Llevo más de tres días entre muertos, y conozco ya sus rostros. Sé quienes fueron. Escuché a sus familias en la pantalla de mi ordenador. Acaricié con mis dedos a sus mascotas (como a la gata de Angelica, que está ahí arriba). Y sucumbí ante sus ojos, su fuerza, su debilidad, sus aficiones, sus guiños y aspiraciones, y, especialmente, ante la perdida de su amor.

Los vi pasar en un tren bala que se dirigía a una vía muerta. Cada caja del editor web era una ventanilla para este amanuense digital, un Chaplin sin genio en los tiempos modernos del corta y pega. Traspasé a 0 y 1 la lección de José Ángel González– como a un tótem, 62 veces escribí tu nombre; qué lástima no haber aprendido más-. He convertido la frialdad del hiperespacio en un planeta contra el olvido, una cometa interestelar de largos dígitos. Y aunque se pierda pronto en la marea internáutica, seguro que acabará en una botella correcta, teniendo como tiene por destino la mejor de las calas, la única válida, lector/a, tu cerebro.

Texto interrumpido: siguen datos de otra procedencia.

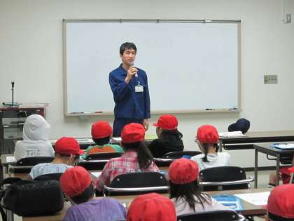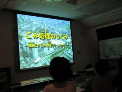 4年生の社会見学は、1年間に5回ぐらいあります。その第1回目!醍醐の方面にある東部クリーンセンターに行ってきました。はじめは、研修室のような部屋で係の方からクリーンセンターの役割やゴミ処理のしくみを簡単に教えていただきました。
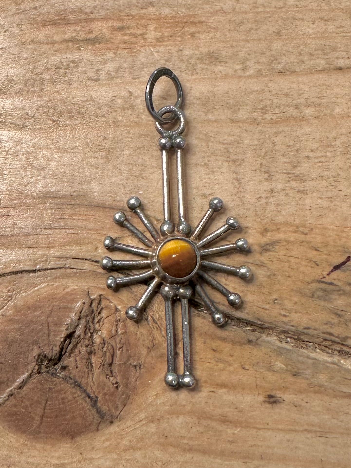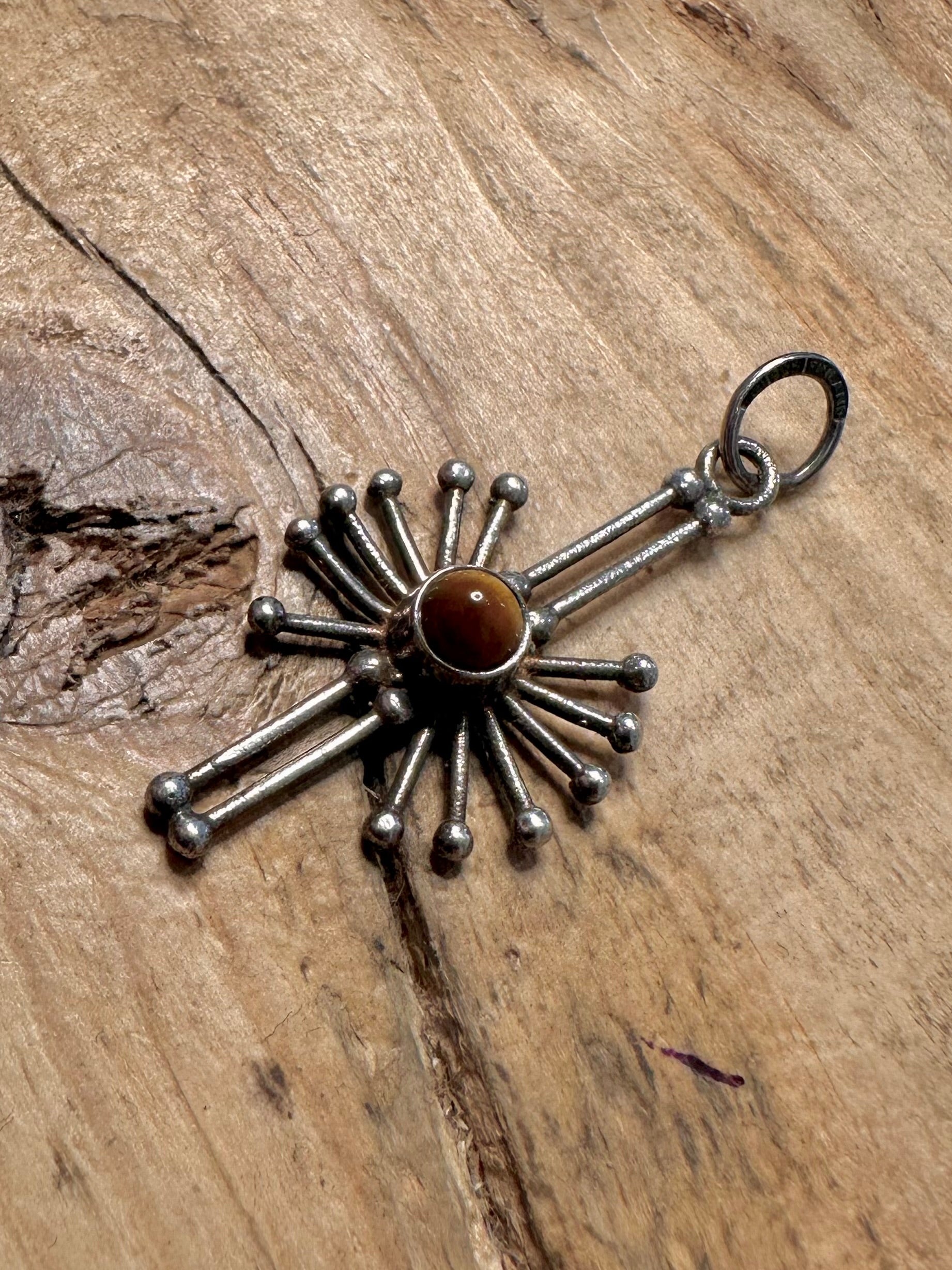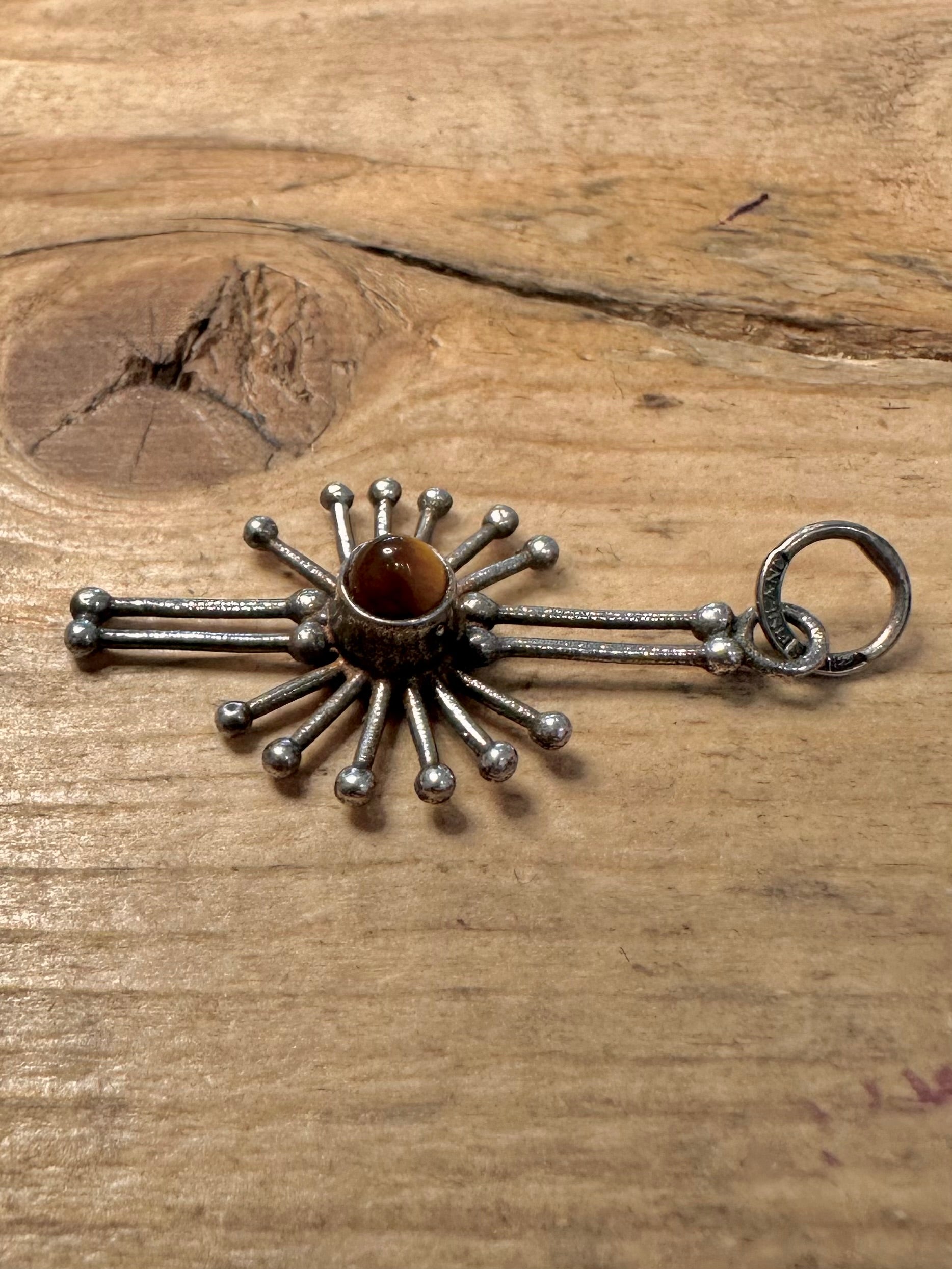 Vintage KULTASEPPA SALOVAARA Tigers Eye Abstract 925 Silver Pendant

He tenido el dolor (menudo curro) y el placer (trabajar con sensibles maravillas) de editar a marchas forzadas la serie de El tren de todos-un homenaje a las víctimas del 11-M- y me he dado cuenta de que esta vida es una… ¡Pip! CENSURA WEB (La vida puede ser virtual; el dolor, no, recuerda). Sí, 11-M, M de mierda.

Javier Rada

Érika D.E.P.

A.L, J.M. P. y R. F. no sabían que Érika había muerto. Y no fue por descuido. Los tres habían fallecido el mismo día que ella, tal vez unas horas antes, u otras después. Sus actos de despedida tenían lugar en la sala 1, la 6 y la 3 del Tanatorio de Tres Cantos, al mediodía. Era imposible saber que la hermana de una princesa se había atiborrado a pastillas, como la oca con el foie grass, para lanzar un último grito desesperado; un llanto animal que sería amplificado por todos nosotros hasta la ignonimia. ¡Circo de pulgas rabiosas!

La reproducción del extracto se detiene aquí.